(CN) – A prominent and politically connected Maltese businessman was arrested Wednesday morning in connection with the 2017 murder of an anti-corruption journalist, sending shockwaves across the small island nation and prompting demands for its prime minister to resign.
Police and Maltese armed forces intercepted businessman Yorgen Fenech, whose family runs one of Malta’s most powerful business groups, as he was leaving Malta near dawn aboard his luxury yacht.
He was cited as a “person of interest” in the investigation into the murder of Daphne Caruana Galizia, an anti-corruption journalist who was killed by a car bomb outside her home in October 2017. Before she was killed, Caruana Galizia reported on Fenech’s business dealings and his ties to political figures.
His arrest came less than 24 hours after Maltese Prime Minister Joseph Muscat announced on Tuesday that a suspected middleman in the journalist’s killing was arrested last week and was ready to provide information about who commissioned the journalist’s killing in exchange for a presidential pardon.
Three men were previously arrested and accused of triggering the bomb that killed Caruana Galizia, but the mastermind of the killing has remained a mystery.
In the wake of Fenech’s arrest, opposition politicians and supporters of Caruana Galizia demanded Muscat resign because of Fenech’s alleged shady dealings with the prime minister’s chief of staff, Keith Schembri, and government minister Konrad Mizzi.

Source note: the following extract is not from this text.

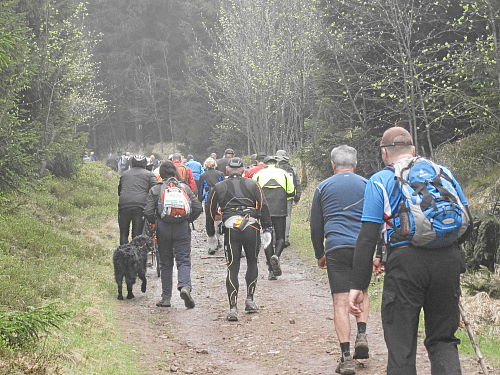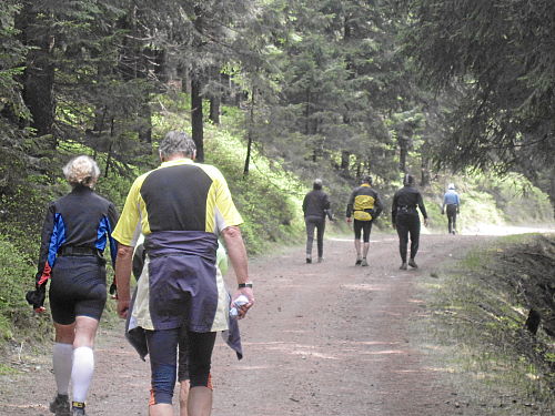 Von km 40 bis 45 ging es wieder nahezu 200 m hoch, aber so moderat, dass wir kaum langsamer wurden. Danach hatten wir eine Art Hochfläche mit weniger Bewaldung erreicht und die nächsten 10 km waren recht leicht zu laufen. Der Weg schlängelte sich ziemlich eben durch die Landschaft, bis auf ein paar Pfützen war auch der Untergrund gut und eigentlich könnte man auf diesem Abschnitt Tempo machen, sofern man noch Reserven hat. Die aber hatten wir nicht genügend und also trotteten wir energiesparend vor uns hin, überholten jede Menge Wanderer und sehnten km 55 herbei.

The Times of Malta newspaper reported that leaked documents showed that Fenech’s offshore company called 17 Black funneled funds to offshore companies set up by Schembri and Mizzi.
Since Caruana Galizia’s murder, Muscat has come under intense criticism both within Malta and outside for his government’s response to the murder. Maltese authorities have been accused of failing to properly investigate the case and failing to protect Caruana Galizia even though she was the subject of intimidation and threats.
Besides reporting on Fenech and his ties to politicians close to Muscat, Caruana Galizia also revealed that Muscat’s wife held a company in Panama, as exposed in the so-called Panama Papers, a trove of leaked documents from the law firm Mossack Fonseca. The documents revealed how rich and powerful people used tax havens to hide their wealth.
On Wednesday, Muscat said he was not protecting his political allies and dismissed demands he resign.
“Facts speak louder than words. There is no impunity in this country,” he told reporters before entering Parliament, according to the Times of Malta.
Reppublika, a human rights group in Malta, issued a statement saying Muscat must resign because he had “created the state of impunity – the Mafia State.” The group charged that his failings in government led to Caruana Galizia’s murder.
“Now he must leave. If he doesn’t he must be fired,” the group said. “His party, his parliamentary group, Parliament have the power and the duty to have him removed if he does not go of his own free will.”
The family of Caruana Galizia also called on Muscat to resign.
Last month, in connection with the second anniversary of her death, Pieter Omtzigt, a special rapporteur for the Council of Europe, a leading human rights and judicial organization, strongly criticized Malta for lack of progress in the case and failings in the investigation. He claimed that authorities may have turned down evidence about who may have commissioned the killing.
Last week, following Omtzigt’s visit to Malta, the Maltese government announced it was opening a public inquiry into Caruana Galizia’s death.
(Courthouse News reporter Cain Burdeau is based in the European Union.)